My perfectionistic ds didn't write his name until roughly 4.5 years old, but when he did, he did it with a capital first letter and the rest lower case letters.

DD wrote her name at approx. 3.5 years old, in all caps and still writes with all capitals today at 5.


----------



## SeekingSerenity

Quote:


Originally Posted by *tinyblackdot* 
At what age could your lo write their name? Like not just copy the pictures, but actually know the letters, and write their own name, as well as ask how to spell words out and sound them out and write them? What age is average?

DS was doing all the above at 3, maybe 3.5 before he could really write to where you could read it. He was asking how to spell words and sounding out in the early-3s though.

DD, well until I read this thread, I thought she was average because she was "behind" DS. She just now started writing her name and she has been 4 for about a month. She knows and writes the whole alphabet and asks how to spell things like "Halloween," and can pretty much make it legible. Now that I think about it, though, the little girl next door who is in Pre-K and will be 5 in January is just learning letter recognition and how to write the basic upper-case letters in school. I don't think she's writing her name yet. I don't know about asking.
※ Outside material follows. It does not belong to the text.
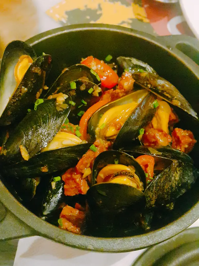 仲有肉腸煮青口, 數量都幾多, 青口漲卜卜夠肥美, 青口鮮甜又夠煙韌.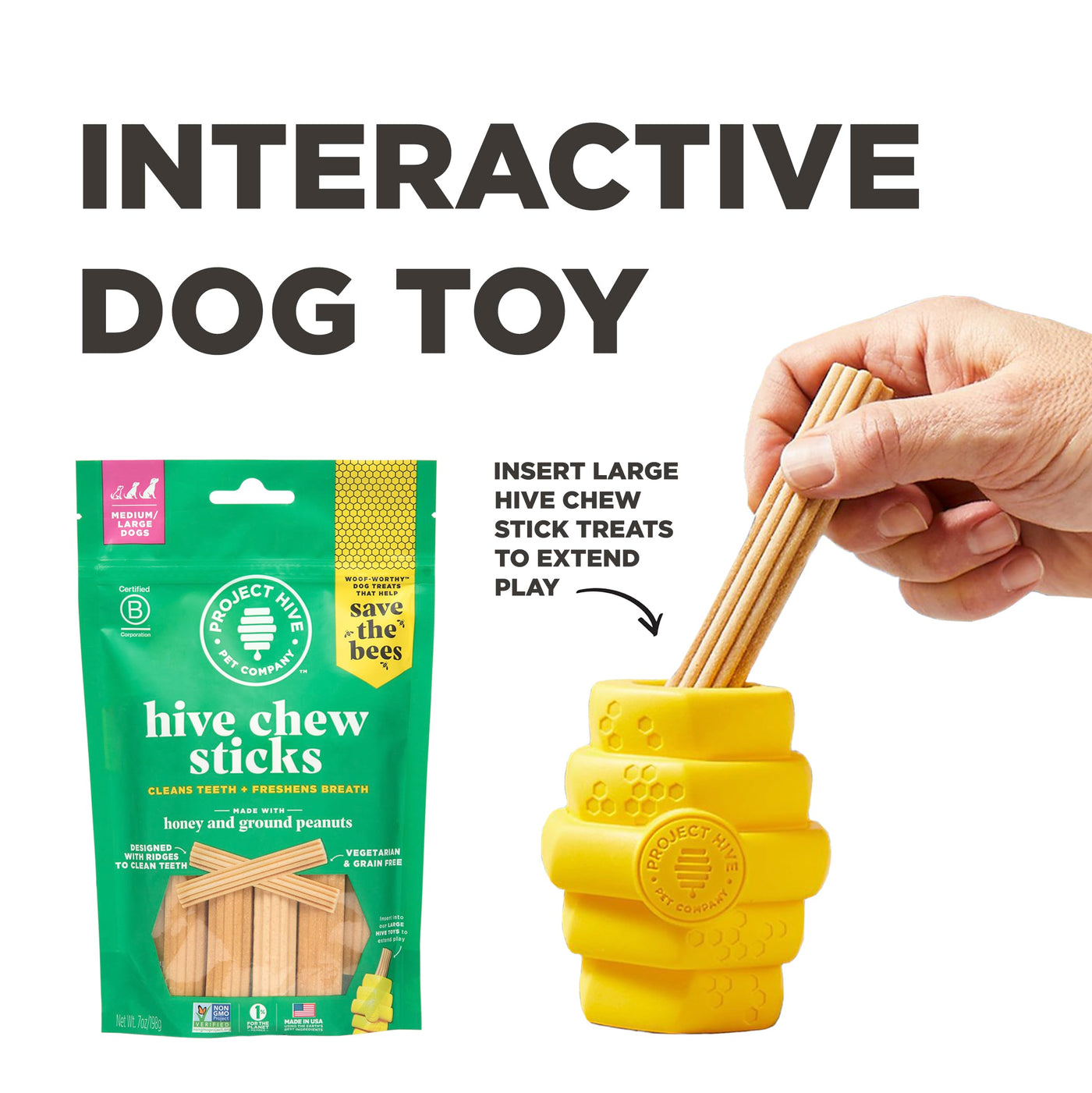 Our Iconic Hive Chew Toy Is The Perfect Multifunctional Toy For Larger Dogs. Its Erratic Bounciness Keeps Dogs Happily Engaged During Fetch And Play. Dogs Love To Gnaw On The Unique Hive Design, And You Can Insert Our Tasty Hive Chew Sticks For Large Dogs In Either End For Extended Enjoyment. The Hives Bright Yellow Color Makes It Easy For You And Your Dog To Find-Both Indoors And Out In Nature. Speaking Of Outside, The Hive Floats-So You Can Toss It Into Any Lake, Pool, Or Body Of Water For More Fun! And You Know What Else? Your Purchase Helps Save The Bees!

I know DD has been "sounding out" letter and words since she was just-turned 3. It's just recently that she's been actually writing them.


----------



## aishamama

I have no idea what normal is for everyone else.

Yusuf could write his name just after 3, and at that point he could already spell out words (3&4) and write them. Now he can spell and write out more complex words and make sentences with a pencil and typing. He'll be 4 next month.


----------



## becoming

DS1 (highly gifted) and DD (not yet identified) were both just over 2. DD has a 4 letter name with only two letters (Anna), so I'm not sure she completely counts.







DS1's name is 5 different letters.

DS2 is 27 months and... it won't be anytime soon. He has different gifts than his siblings.


----------



## Cavy

The thread asked what is _average_, and where the child is able to sound the name out (actually has an idea what sounds each letter makes).
It really depends when and how the child is exposed to letters, some children won't be in a situation where they are taught any letter sounds (or where someone tries to teach them) until age 5 or 6 or maybe even older. Or the method of teaching may not suit some children, especially for their age.

My guess is the answer is just about 5yo in most developed countries.


----------



## mommy2abigail

DD1 could write her name by memory at 3. By her 4th b-day, she could write all the letters legibly. At 4.5, she is reading and writing cvc words and some sight (Dolch) words. She regularly writes our grocery list now.


----------



## LizLizard

My oldest is 3 yrs 3 mo and knows the letters in her name, can spell it with magnetic letters, and can write SOMETHING that she says is her name. It doesn't entirely look like it... well, sometimes it does. So she's getting there.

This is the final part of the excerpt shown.